## What is being asked
No pictures should be carried over. Output all other parts of the entries verbatim.
:: Recorded information ::
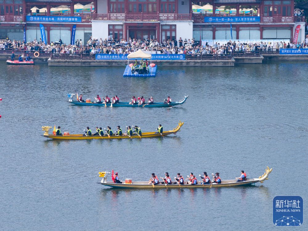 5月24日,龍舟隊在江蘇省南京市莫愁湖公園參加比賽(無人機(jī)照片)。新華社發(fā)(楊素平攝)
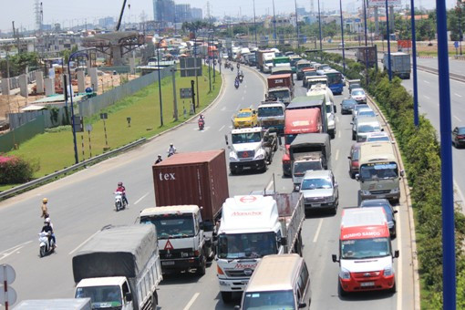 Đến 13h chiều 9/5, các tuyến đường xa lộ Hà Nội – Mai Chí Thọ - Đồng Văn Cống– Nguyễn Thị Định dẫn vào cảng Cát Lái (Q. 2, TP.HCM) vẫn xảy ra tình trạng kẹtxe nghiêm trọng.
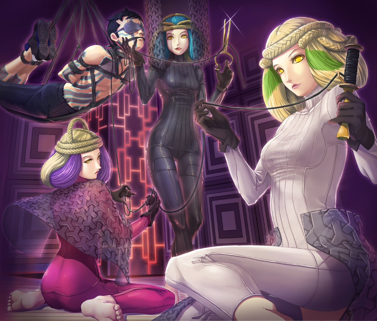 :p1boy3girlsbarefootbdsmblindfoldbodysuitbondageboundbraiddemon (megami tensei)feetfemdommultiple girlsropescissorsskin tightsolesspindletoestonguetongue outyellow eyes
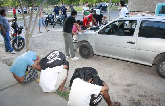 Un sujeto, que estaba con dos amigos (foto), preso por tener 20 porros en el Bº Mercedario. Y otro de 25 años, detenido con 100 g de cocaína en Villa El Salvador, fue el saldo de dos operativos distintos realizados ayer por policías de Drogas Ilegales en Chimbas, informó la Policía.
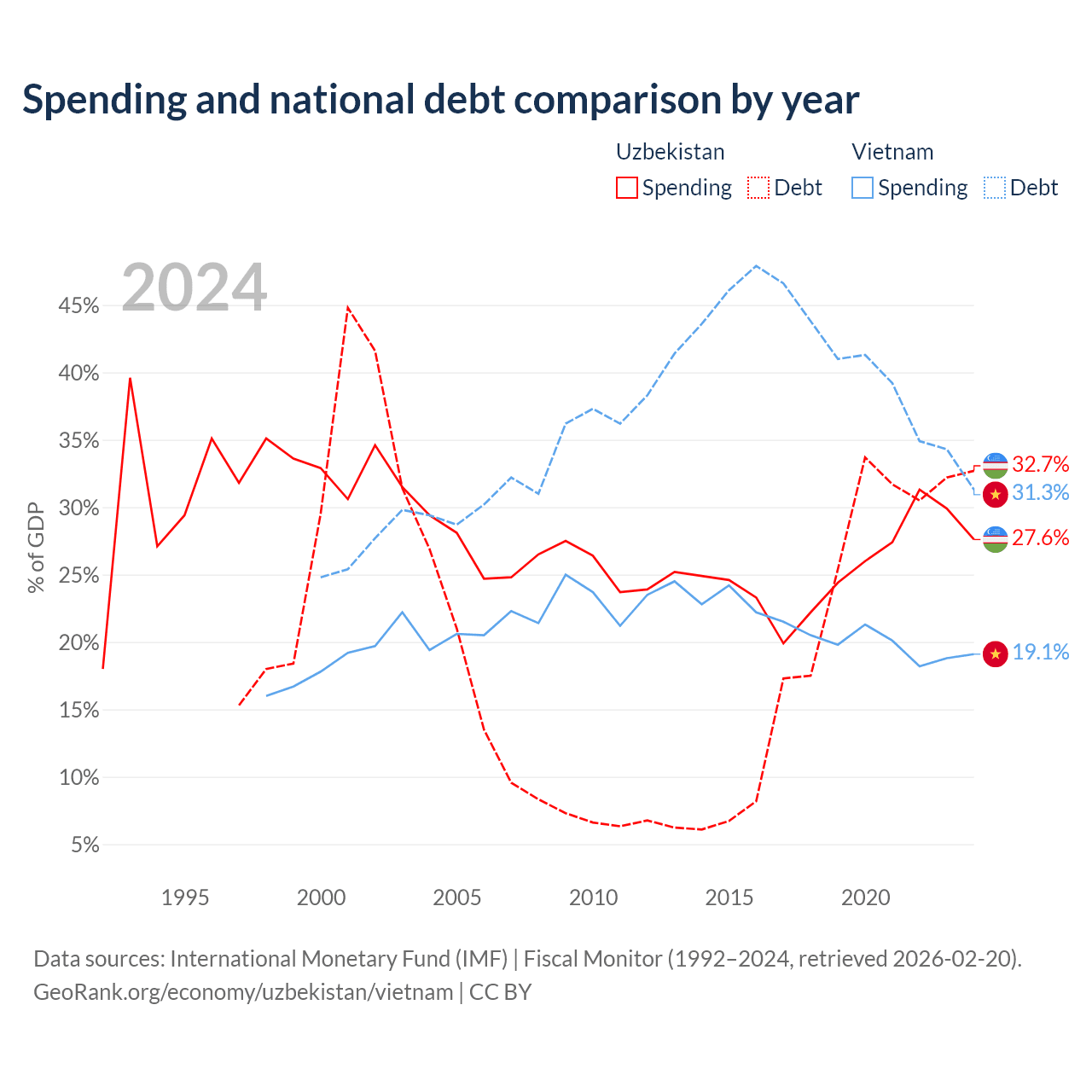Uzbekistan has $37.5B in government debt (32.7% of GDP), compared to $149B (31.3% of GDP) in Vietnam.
:::
## Written answer
 5月24日,龍舟隊在江蘇省南京市莫愁湖公園參加比賽(無人機(jī)照片)。新華社發(fā)(楊素平攝)
 Đến 13h chiều 9/5, các tuyến đường xa lộ Hà Nội – Mai Chí Thọ - Đồng Văn Cống– Nguyễn Thị Định dẫn vào cảng Cát Lái (Q. 2, TP.HCM) vẫn xảy ra tình trạng kẹtxe nghiêm trọng.
 :p1boy3girlsbarefootbdsmblindfoldbodysuitbondageboundbraiddemon (megami tensei)feetfemdommultiple girlsropescissorsskin tightsolesspindletoestonguetongue outyellow eyes
 Un sujeto, que estaba con dos amigos (foto), preso por tener 20 porros en el Bº Mercedario. Y otro de 25 años, detenido con 100 g de cocaína en Villa El Salvador, fue el saldo de dos operativos distintos realizados ayer por policías de Drogas Ilegales en Chimbas, informó la Policía.
Uzbekistan has $37.5B in government debt (32.7% of GDP), compared to $149B (31.3% of GDP) in Vietnam.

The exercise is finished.